── DATA FOR PROCESSING ──

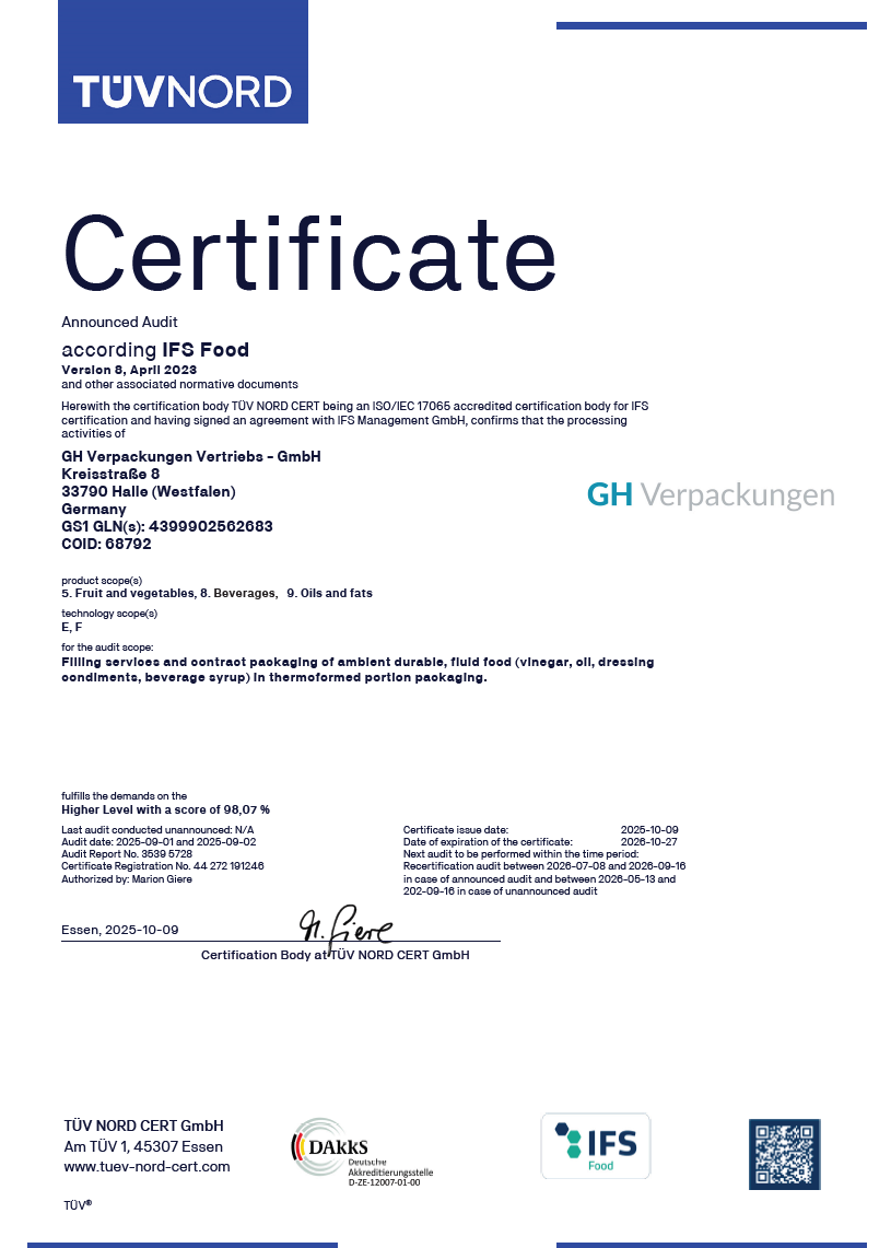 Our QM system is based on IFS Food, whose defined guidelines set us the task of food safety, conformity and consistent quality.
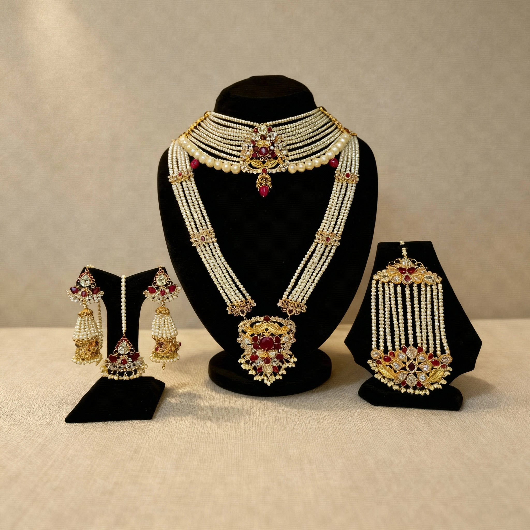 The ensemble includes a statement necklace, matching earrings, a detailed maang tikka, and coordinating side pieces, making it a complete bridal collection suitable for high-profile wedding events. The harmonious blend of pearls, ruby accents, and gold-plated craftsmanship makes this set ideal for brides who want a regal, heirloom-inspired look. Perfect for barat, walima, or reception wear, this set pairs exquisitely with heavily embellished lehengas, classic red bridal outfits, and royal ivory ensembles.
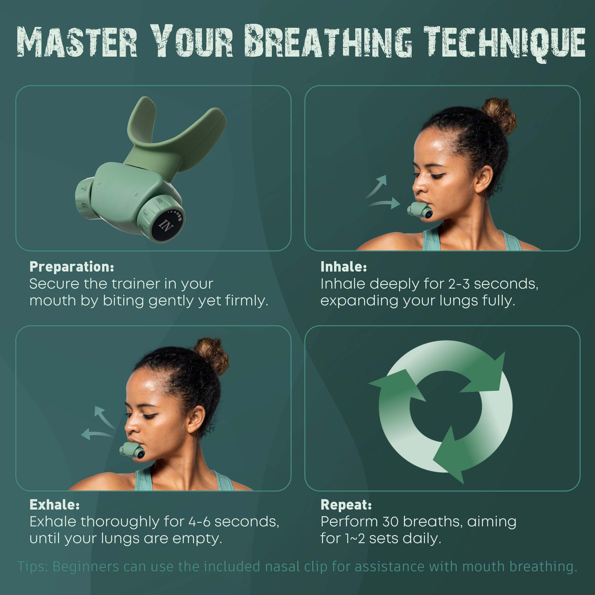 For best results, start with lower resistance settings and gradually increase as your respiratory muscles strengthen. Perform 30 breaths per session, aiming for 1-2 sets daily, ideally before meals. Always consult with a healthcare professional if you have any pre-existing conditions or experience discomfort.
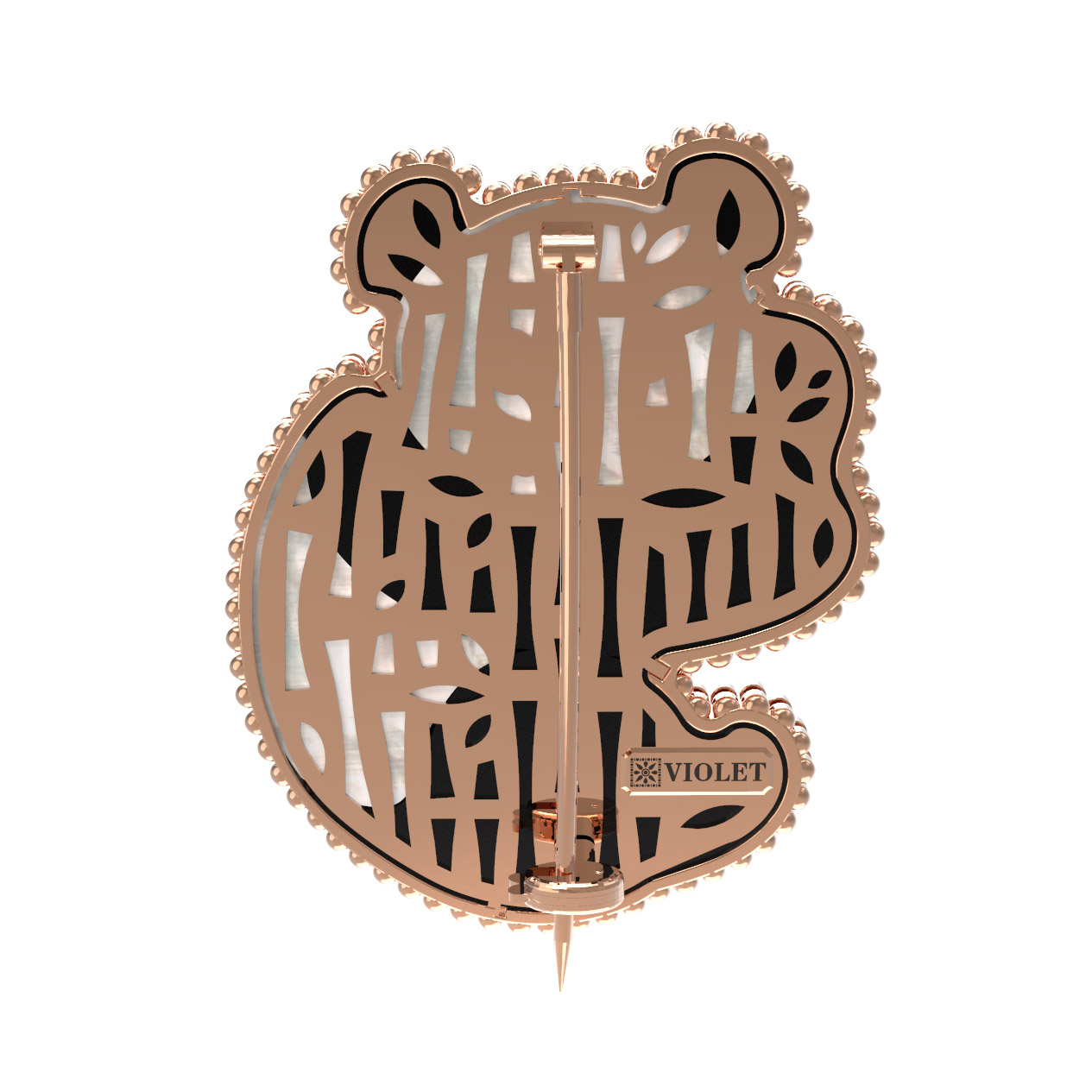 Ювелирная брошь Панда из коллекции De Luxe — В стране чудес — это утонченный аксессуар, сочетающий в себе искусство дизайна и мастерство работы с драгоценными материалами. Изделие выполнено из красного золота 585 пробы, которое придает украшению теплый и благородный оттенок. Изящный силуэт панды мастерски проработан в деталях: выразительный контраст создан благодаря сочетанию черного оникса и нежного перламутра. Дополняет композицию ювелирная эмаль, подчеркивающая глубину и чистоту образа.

───
── DATA FOR PROCESSING ──

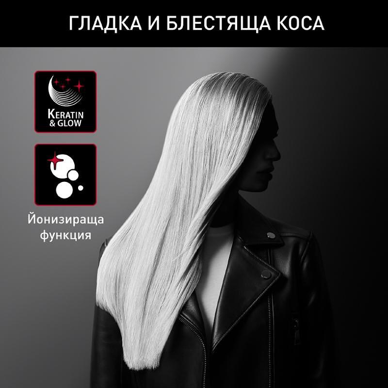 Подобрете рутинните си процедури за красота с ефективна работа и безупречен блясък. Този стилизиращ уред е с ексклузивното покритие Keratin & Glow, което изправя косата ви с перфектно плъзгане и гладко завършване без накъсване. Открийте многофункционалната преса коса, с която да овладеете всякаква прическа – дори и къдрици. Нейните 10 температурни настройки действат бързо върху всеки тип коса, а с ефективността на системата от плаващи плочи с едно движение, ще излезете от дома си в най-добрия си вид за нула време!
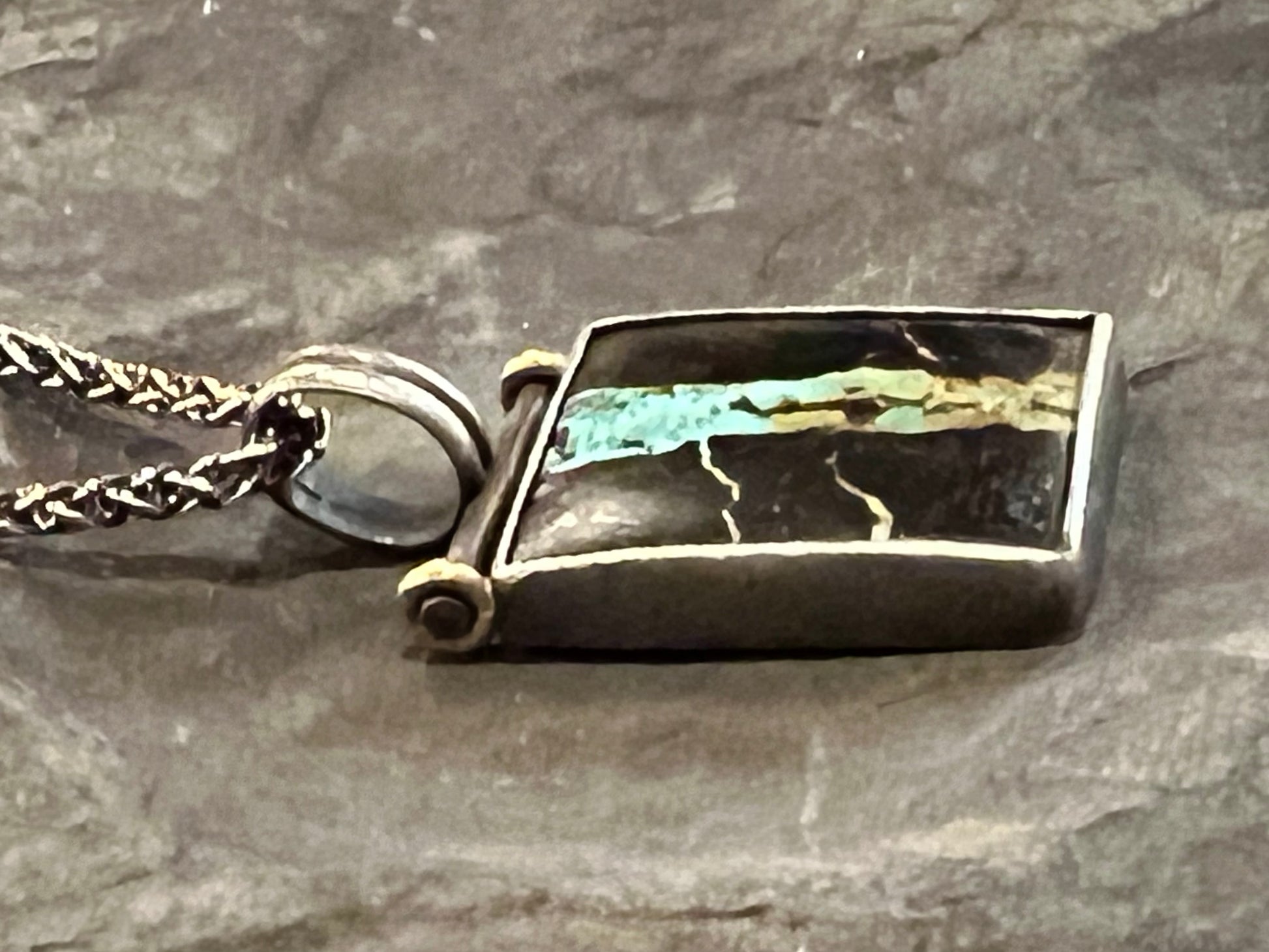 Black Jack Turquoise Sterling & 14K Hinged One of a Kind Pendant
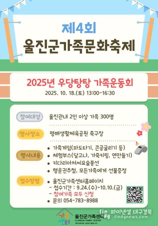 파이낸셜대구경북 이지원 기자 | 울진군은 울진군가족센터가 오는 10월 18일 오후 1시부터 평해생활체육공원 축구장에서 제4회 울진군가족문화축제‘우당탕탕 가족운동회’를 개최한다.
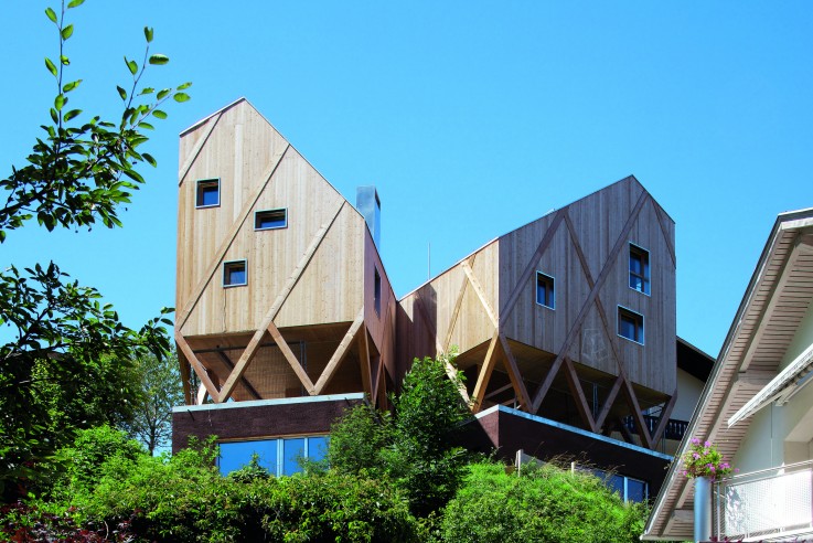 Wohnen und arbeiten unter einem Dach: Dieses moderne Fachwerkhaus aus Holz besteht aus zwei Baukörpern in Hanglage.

───

Reproduce the records above exactly, but only from the line with "Black Jack Turquoise" up to and including the line with "Wohnen und arbeiten". Leave the pictures out.

 Black Jack Turquoise Sterling & 14K Hinged One of a Kind Pendant
 파이낸셜대구경북 이지원 기자 | 울진군은 울진군가족센터가 오는 10월 18일 오후 1시부터 평해생활체육공원 축구장에서 제4회 울진군가족문화축제‘우당탕탕 가족운동회’를 개최한다.
 Wohnen und arbeiten unter einem Dach: Dieses moderne Fachwerkhaus aus Holz besteht aus zwei Baukörpern in Hanglage.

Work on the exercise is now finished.